Training Segmentation Model:

  • Setup the environment and installed nnUNetv2 correctly, initialized environment variables, and ran the dataset integrity command to ensure processed data is a good fit for nnUNet.
  • Due to training the nnUNetv2 framework for 5 folds cross validation being a very computationally intensive task to be done on the free version of Google Colab, I switched between two accounts and could only run training for about 50 epochs for the first fold, made sure it was working correctly, prepared the notebook to be used for training the rest of the folds, and progress was saved in nnUNet different folders. Note that number of epochs here is hardcoded and can only be changed using Colab's Terminal that's also only available in the pro version, so I wasn't able to reduce the number of epochs for each fold and complete training. (Find in nnUNet_Training)

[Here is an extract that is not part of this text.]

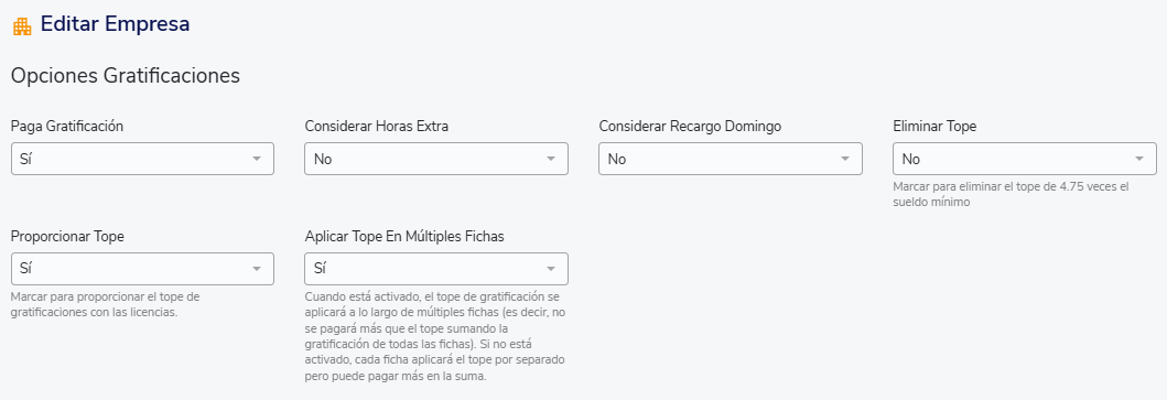 Podrás configurar todos los aspectos de cálculo en las "Opciones de Gratificaciones", las que podrás ubicar en los "Parámetros Generales" en la sección de "Empresas". Dentro de las opciones disponibles tendrás la libertad de editar aspectos como si utilizarás o no la gratificación que calcula el sistema, si considerarás o no horas extras, o si proporcionarás tope en caso de licencias. Recuerda que estas configuraciones se aplicarán si utilizas la gratificación de sistema, es decir, utilizando el cálculo automático de las remuneraciones afectas a gratificación que están en plataforma y cuando pagues el concepto de forma anticipada, mes a mes, mediante el cálculo del 25% de los ítems imponibles.
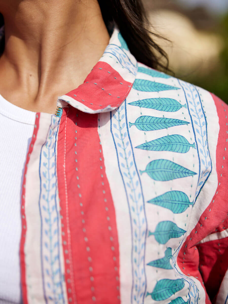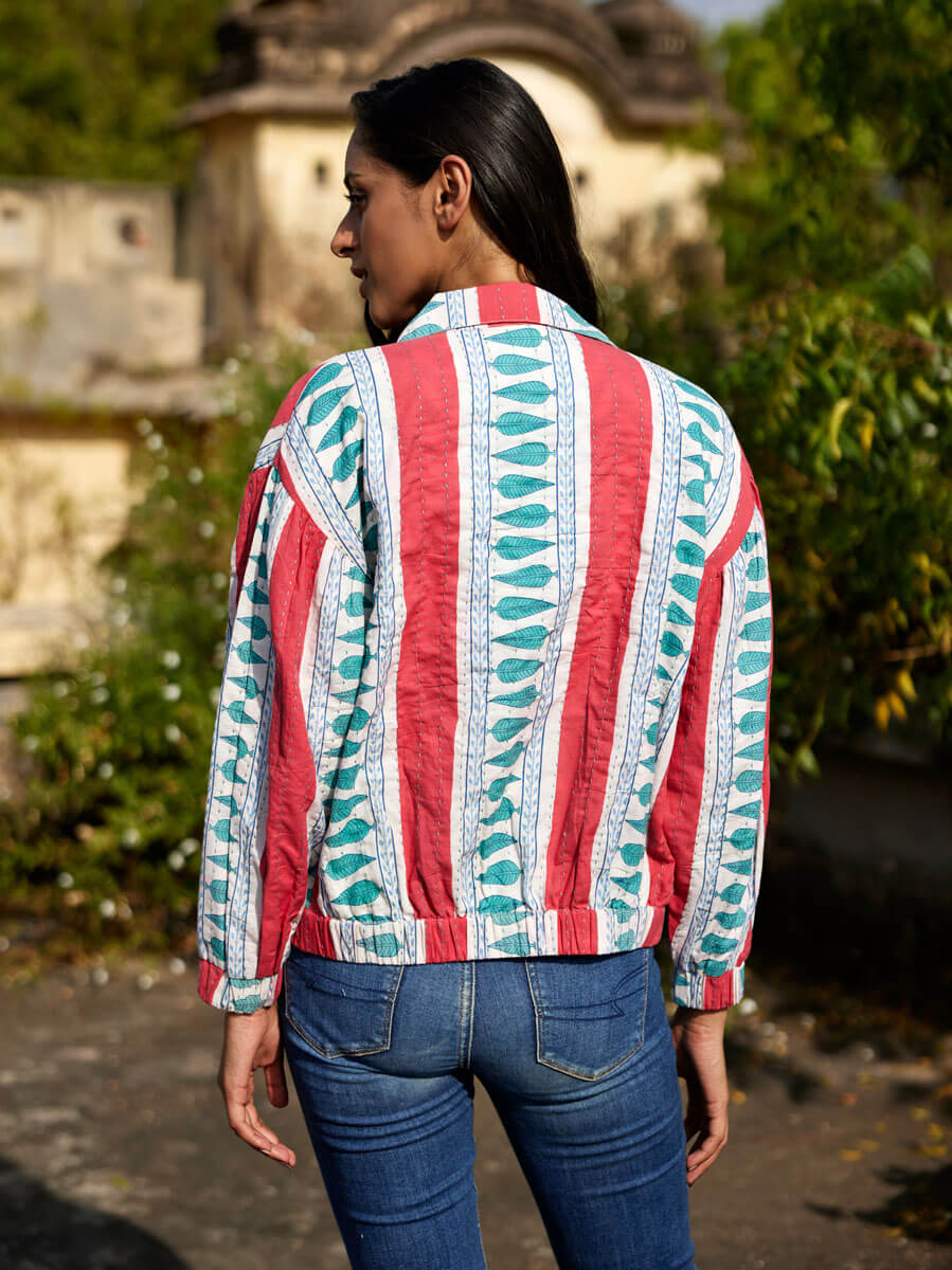 Jane Kantha Embroidered Block Printed Bomber Jacket

Segmentation Model Inference:

  • I prepared a notebook for inference with clear instructions to be run after completing training process. (Find in nnUNet_Inference)

Classification:

  • Created a custom version of original dataset (See Here) to ensure balanced class distribution and keep the model equally sensitive to all classes, as in this case we prioritize the consequences of false negatives. Also, approximately followed the same split as dataset creators(80:12:6).
  • Used Pytorch framework to build a simple ResNet-18 binary classification model, used data augmentation techniques and learning rate scheduler to ensure best performance, and finally trained the model for 50 epochs (See Here).
  • Plotted training and validation loss and accuracy metrics at the end of training for a better understanding of how the model is performing to help us do the correct hyperparameter tuning and figure out what needs improvement.
  • Ran the model on test data and calculated overall model performance
  • Saved the model and its weights for later use. (Find in models folder)

Installation and Usage

At first, please add a shortcut of this Google Drive folder to your drive, as it has both the original and the preprocessed versions of dataset ready for the model, so there will be no need for you to run the preprocessing steps again.

Second, open the training notebook in Google Colab. Make sure to change runtime type to T4 GPU to utilize Colab's GPU and to mount your drive, and repeat these two steps for all upcoming notebooks. Run all cells as they are. You might just add a little modification if you have access to multiple GPU's for better performance (See Here).

Next, you should open inference notebook and follow its instructions. Finally, you can use resulting inference data to train the ResNet18 model by changing root folders in this notebook and training again for best results.

Enhancements and Future Work

I definetily couldn't get the best out of this data and these models due to time and resources limitations. Improvements can be done such as using the Pro+ version of Google Colab to utilize high RAM and several GPU's to train the different data folds in parallel as recommended by nnUNet creators and avoid that your session times out. Also allowing the training to run for more epoches until it's done and run the other 4 folds as well. Then, moving further and running the inference notebook to obtaing segmentation results from nnUNet and use it for classification.

Regarding classification, grid search can be applied for better hyperparameter tuning, and generative super resolution techniques can be used as a preprocessing step to enhance training data and therefore achieve better performance. Also we can consider using more complex ResNet architectures than the ResNet-18 and running more epochs.

And of course, the main goal of this project, using inference data of nnUNetv2 segmentation to train the classifier by only changing the paths to the data in the ResNet notebook and running again.